Los Angeles Mayor Karen Bass is bringing in the goats.
This week, the city of Los Angeles, in partnership with the San Fernando Valley Audubon Society, deployed 500 goats to clear “overgrown, mostly invasive vegetation” on a field at the Sepulveda Basin Wildlife Reserve that has seen repeated brush fires over the past several years.

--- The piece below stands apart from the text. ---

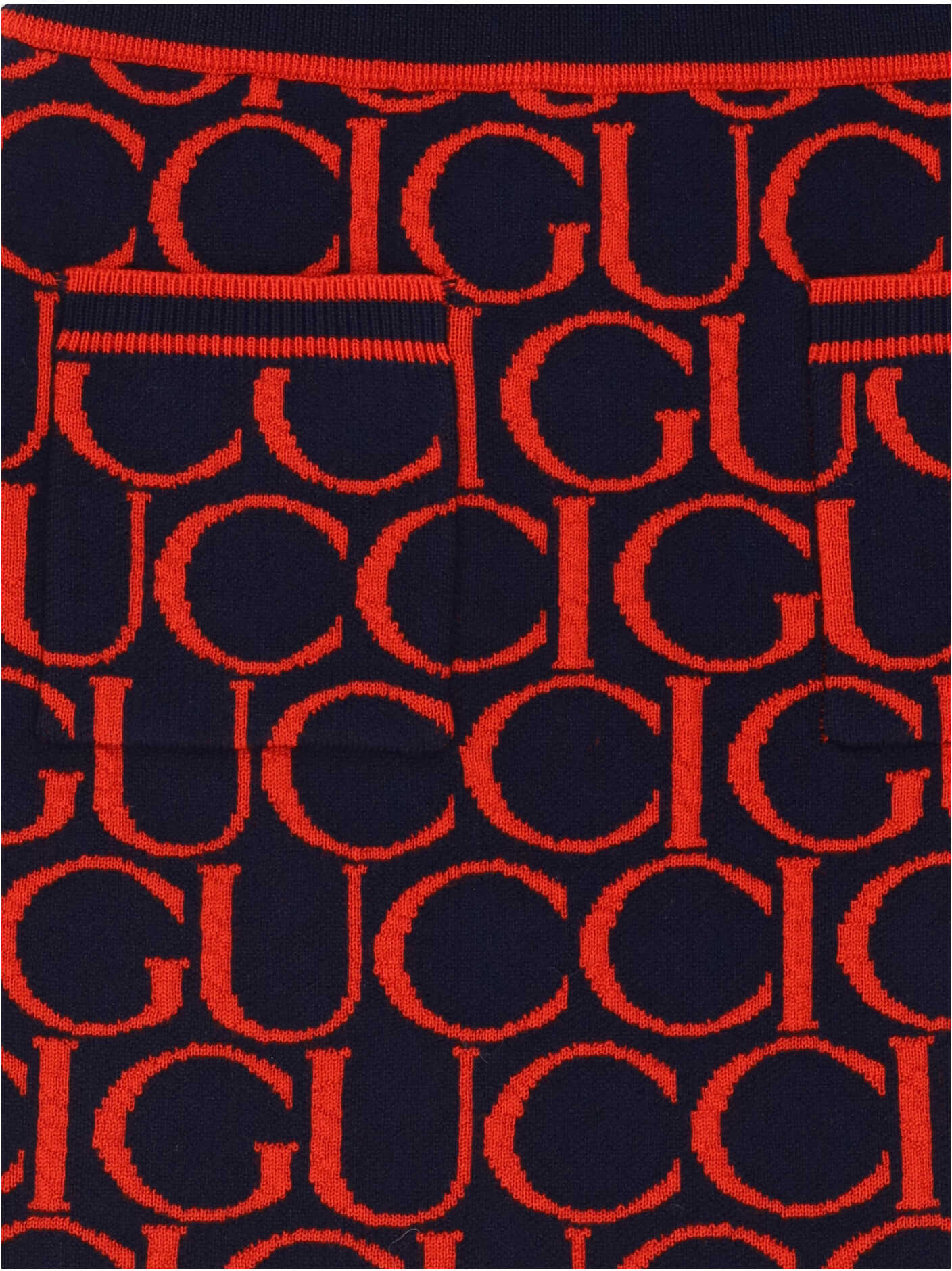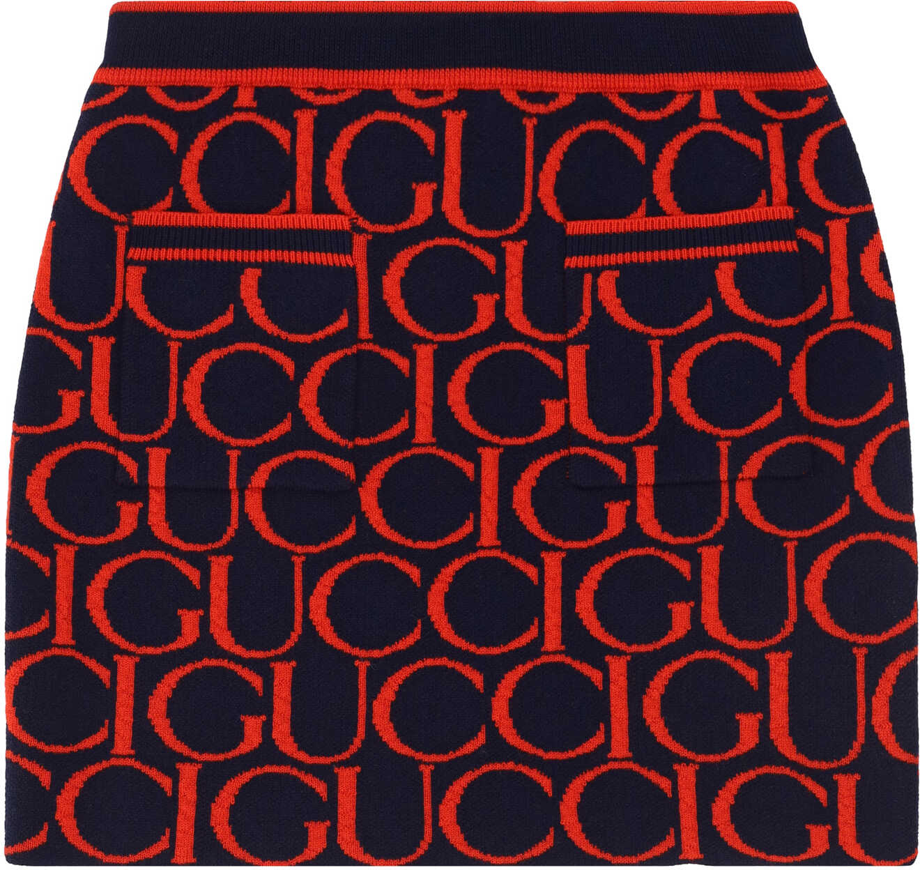 Wool Skirt for Girl by Gucci, jacquard weave iconic all-over repeated brand monogram, elasticized waistband.

The basin is a 2,000-acre recreation space the city leases from the federal government.
“The wildlife reserve’s newest residents are working hard to enhance sustainability and manage vegetation to reduce fire risks,” Bass posted on X.
Los Angeles City Council member Imelda Padilla proposed the goat-grazing pilot in December 2024, noting that the Sepulveda Basin is “an important hub for outdoor recreation and is soon to be amongst the training facilities for the upcoming Olympics and Paralympics in 2028.” LA28 has slated BMX, skateboarding, 3x3 basketball and pentathlon to take place in the Sepulveda Basin Recreation Area.

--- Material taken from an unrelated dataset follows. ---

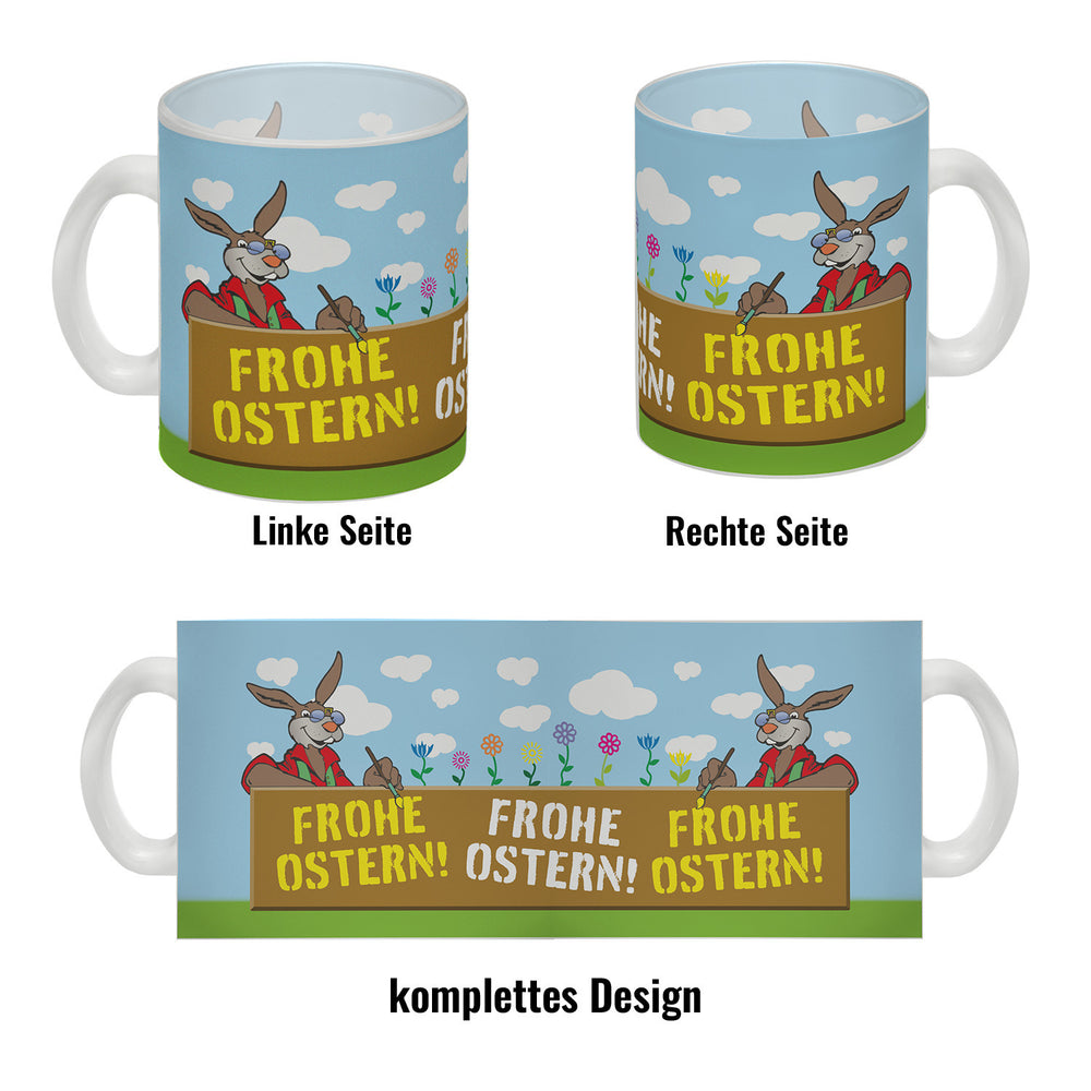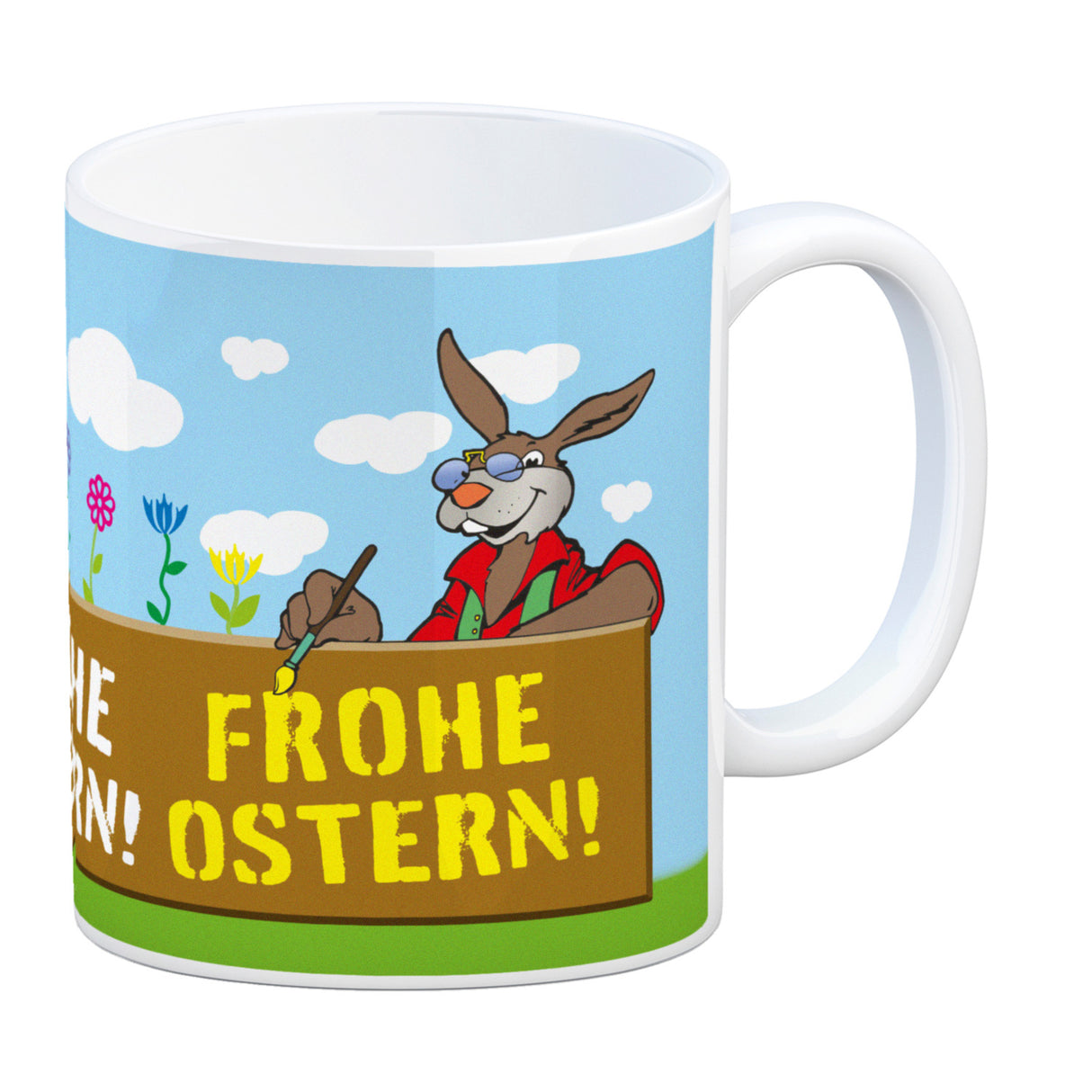 • 1x Frohe Ostern! Osterhase Kaffeebecher in der gewählten Ausführung

Padilla stated in her 2024 motion that invasive plants have dramatically increased in the basin since the city stopped using the herbicide glyphosate in 2019 after the World Health Organization declared it a likely carcinogen. “Goatscaping” is a “creative, eco-friendly solution” for clearing dry brush and invasive plants, “reducing wildfire risk while protecting sensitive habits and nearby neighborhoods,” she said in a Tuesday Instagram post.
Los Angeles joins a host of other California cities, including San Diego, Oakland and West Sacramento, that have brought in goats to chew through weeds that pose fire risk. Laguna Beach has used goats for vegetation management and wildfire fuel reduction along the city’s outer edges since the early 1990s.
The Reno, Nevada, Fire Department deployed 250 goats to help reduce dry brush and invasive plants on city-owned open space in July. Targeted grazing is “an environmentally friendly and sustainable option for managing noxious weeds and flammable vegetation,” the fire department stated in a press release.
Goats’ nimble lips and tongues that can grasp, hold and manipulate objects allow them to eat very short grass and foliage other domestic livestock can’t, according to a 2014 scholarly review of goat grazing as a wildfire prevention tool. In hills around Menlo Park, Oakland, Los Altos and Berkeley, California, goats have reduced fuel loads in areas too steep for manual labor or mowers and removed vegetation without disturbing roots or facilitating erosion, the paper states.
“Grazing is probably the most ecologically sound technique for creating discontinuities in fuels, mainly at the shrubby layer, and disrupting fuel ladders,” the authors concluded.
Bass launched a strategy in July to address public safety issues in the wildlife reserve, which includes removing nearly 100 homeless encampments.